More specific and minor comments

- On figures 1.D, 1.E but also 3.D and S2.B, it is not clear to me how the data points were binned in order to build those figures

- lines 141 to 144: please unfold this argument which remains unclear to me.

- Fig. 2B reports MEG evoked signals for conditions obtained by splitting data around the median. Since such a split is performed along both confidence and surprise, could you please report the number of trials that fell into each of the four categories? Or clarify your strategy. Is it that after having split along one dimension, the data were further split along the other one? In which case it would be worth reporting the median values.

- I found the use of the loose term ‘Brain state’ a bit disturbing. I would encourage the author to envisage reconsidering that use.

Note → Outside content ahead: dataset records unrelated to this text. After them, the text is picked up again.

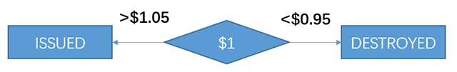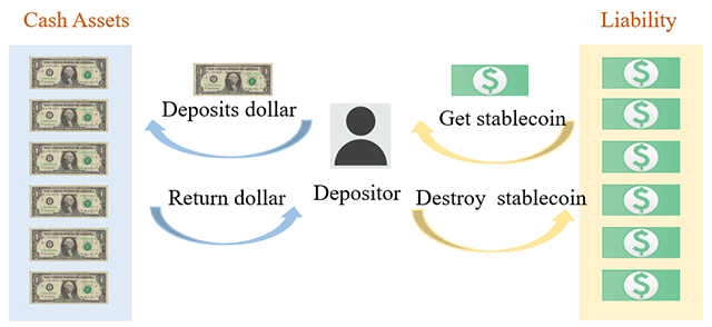 - 链下抵押资产,例如 Tether,需要托管人对货币进行监管,然后储备一定数量的抵押品。Tether Ltd. 在银行账户中持有美元,持有的金额必须等于他们发行的 USDT 以维持系统的秩序。通过这种方式,可以防止价格波动。如果有人拥有数字美元并要求返现,持有者将获得实物美元,相应的稳定币将被销毁。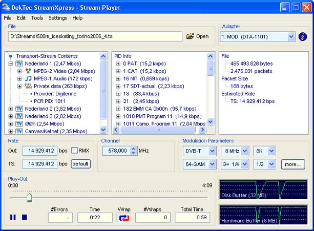 l 可选项:码流文件可通过ASI/TSoIP/RF调制(DVB,ATSC,ISDB)等方式循环播放出来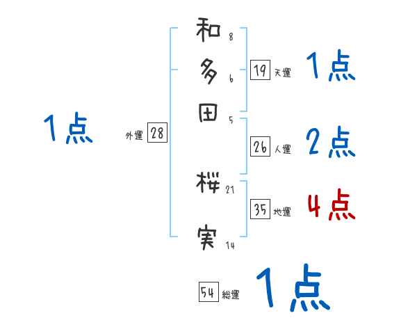 外運![]() | 和多田桜実さんの外運は28画の1つ星!家庭環境に注意。スポーツで活躍できる能力があるかも。 生活面を象徴する運勢です。外部から受ける影響力を表し、結婚運、家庭運や職場、環境への順応性を表します。 |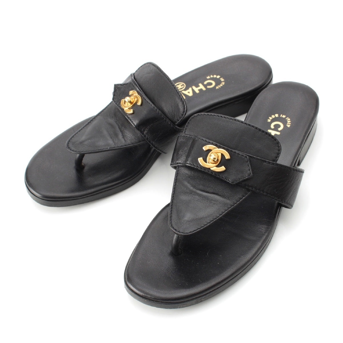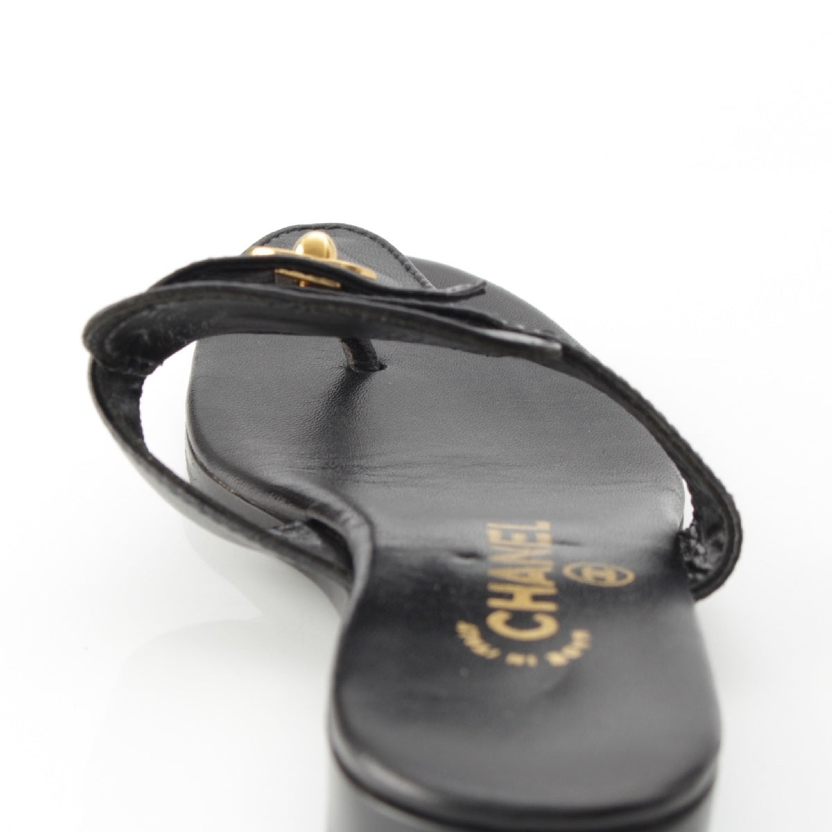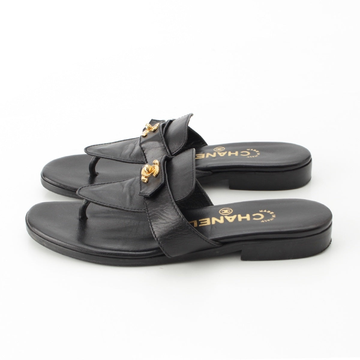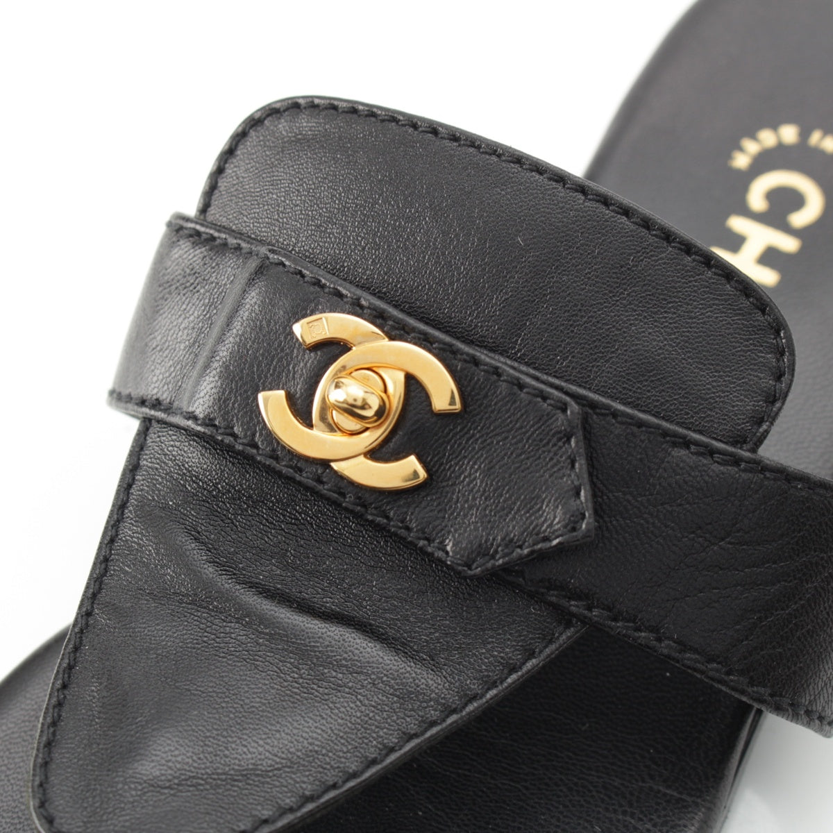 CHANEL 96P leather Vintage Turnlock COCO Mark Sandals shoes Black gold 37

- In the discussion, the part pertaining to related (MMN) findings using EEG, the author could also refer to:

Ostwald et al. Evidence for neural encoding of Bayesian surprise in human somatosensation. NeuroImage 62, 177–188 (2012).

Lecaignard et al. Implicit learning of predictable sound sequences modulates human brain responses at different levels of the auditory hierarchy. Frontiers in Human Neuroscience 9, (2015).

- Line 471: what you mean here is unclear to me.

- I noticed a couple of typos:

end of line 411: noradrenaline

line 500 (remove ‘a’: is given);

Fig. S2 line 654 (Paris OF adjacent…);

**********

Have all data underlying the figures and results presented in the manuscript been provided?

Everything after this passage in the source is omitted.